"So, Anna, I'll leave you to your maternal duties. I recommend you to keep an especial eye upon Luigi Caracciolo—upon him in particular."
"What do you mean?" Anna asked absently.
"Nothing, dear."
"I thought——" she began, without finishing her sentence.
Bows and smiles and words of greeting were reaching them from every side. They passed or overtook numberless people whom they knew, some in carriages, some on foot. Cesare was inwardly mortified by the conjugal exhibition of himself that he was obliged to make, and looked with secret envy at his bachelor friends.
But his regret was sharpest when a handsome four-in-hand dashed past, with Giulio Carafa on the box and the Contessa d'Alemagna beside him. That dark, vivacious, blue-eyed lady wore a costume of pale yellow silk, and a broad straw hat trimmed with cream-coloured feathers. She carried a bunch of lilac in her hands, lilac that lives but a single day in our ardent climate, and is rich with intoxicating fragrance. All the men on Carafa's coach bowed to Dias, and the Contessa d'Alemagna smiled upon him and waved her flowers; and his heart was bitten by a great desire to be there, with them, instead of here, in this stupid domestic party.

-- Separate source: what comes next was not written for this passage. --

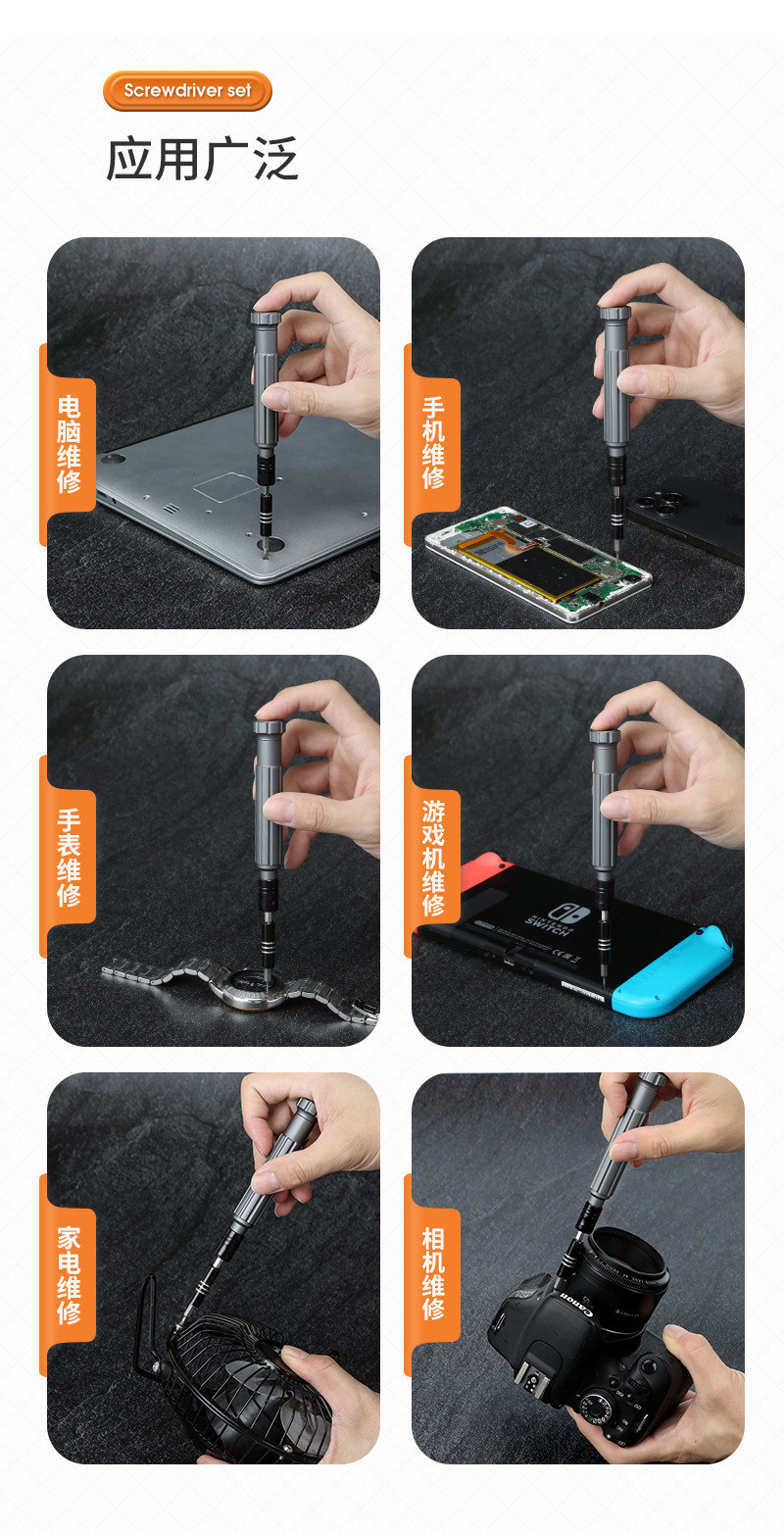 HomeProducts多功能金属手柄维修拆机手表手机电脑多功能异形精密螺丝批套装

He was silent; and Anna's eyes filled with tears, for she understood what his silence meant. At the sight of her tears his irritation increased.
"Well, what is it?" he asked, looking at her with his dominating coldness.
"Nothing," she said, turning her head away, to hide her emotion.
That question and answer were equivalent to one of the long and stormy discussions that are usual between husbands and wives. Between them such discussions never took place. Their life was regulated according to the compact they had made on that moonlit night at Sorrento; she realised now that what had then seemed to her a way of being saved was only a way of dying more slowly; but he had kept his word, and she must keep hers. He had married her; she must not reproach him. Only sometimes her sorrow appeared too plainly; then he never failed to find a word or a glance to remind her of her promise.